Клоккманн и Мистериосо двинулись дальше по земле, сплошь покрытой выдавленными гнойниками и созревшими нарывами. Там и сям на улице еще сохранились запыленные фасады магазинов: супермаркеты, табачные киоски и еще какие-то лавки с разодранными металлическими жалюзи на витринах с зубцами разбитых стекол. На песке валялись лотки уличных торговцев, наполненные гнилью. Улица, которую, видимо, перекосило от взрывов, извивалась зигзагом среди дюн из мелкого крошева наподобие пудры и более крупного порошка, похожего на пищевую соду. Клоккманн все отплевывался, язык во рту задубел, сам он изнывал от жажды, тряс головой, пытался улыбнуться.
Но утолять жажду в канавах с кипящей мочой, которая, наверное, вытекала из лопнувших канализационных труб, — а может, это были термальные источники? — ему не хотелось. Зато его внимание привлекла одна обнадеживающая примета: осколки стекла — да, осколки, которые все чаще поблескивали у них под ногами: там, где есть части целого, наверняка отыщется и целое!!!
У Клоккманна зарябило в глазах от рухнувших уличных фонарей, ламп всех фасонов, неоновых трубок, обломков световых реклам, осколков рюмок для шнапса, пивных бокалов и песочных часов, но главное — от разбитых бутылок. Из-под ног у них взметались щекочущие облака соды. В разбитом зеркале, которое широко разметалось по мостовой, Клоккманн увидел свое отражение, вернее, лишь его осколки: нос, глаз, уголок рта, ухо. Его это не напугало.
Позабыв о профессоре, он опустился на колени и принялся голыми руками разгребать осколки. Они сверкали, как драгоценные камни. — И Клоккманн нашел то, что искал: он извлек на поверхность бутылку вина, облепленную известкой, сердцевидками и пемзой!
— Пейте, — сказал Мистериосо, остановившись, — пейте-пейте, набирайтесь сил — они вам еще понадобятся!

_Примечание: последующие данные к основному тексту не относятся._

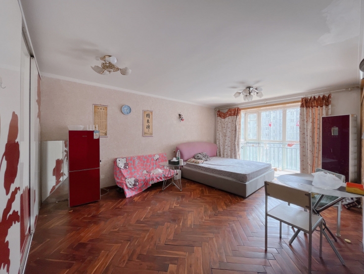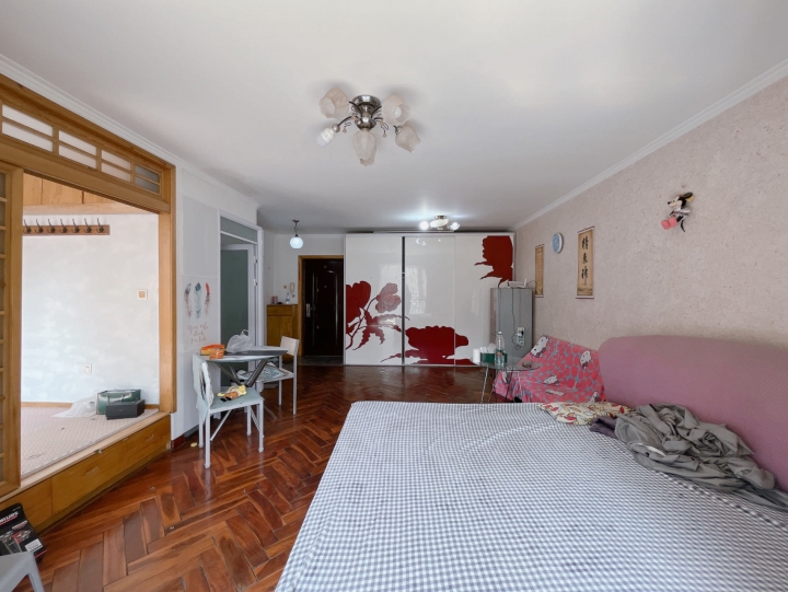 南向一室一厅58平米,有两张床,一个大床,一个榻榻米...

Они уселись на вершине холма, с которого открывался вид на всю округу. Перед ними поднимались уступами иссохшие и выжженные склоны, которые можно было бы сравнить с грандиозным амфитеатром. На дне, окрашенном в более темные тона, порой что-то слабо искрилось — словно звезды. По небосводу величаво катилось солнце, устрашающее в своем всемогуществе. «Пожалуй, это и к лучшему», — подумал Клоккманн, не спеша посасывая вино из бутылки и время от времени рассеянно нащупывая свою записную книжку. Признаемся, что удовольствие, которое он испытывал при виде этой пустоты — этой пустой пустоты, если позволительно возвести ее в степень для наглядности, — не вызывает у нас особой симпатии. Впрочем, пусть наш герой передохнёт, глаза у него горят, взгляд явно блуждает, деловой костюм превратился в лохмотья, все лицо в грязи, хорошо хоть умом не повредился.
— Как тут одиноко жить! — сказал Мистериосо. Казалось, он на миг лишился демонической энергии и погрузился в тягостные размышления о своей горькой участи. В руке он держал женскую прокладку. Носками сапог он ворошил песок.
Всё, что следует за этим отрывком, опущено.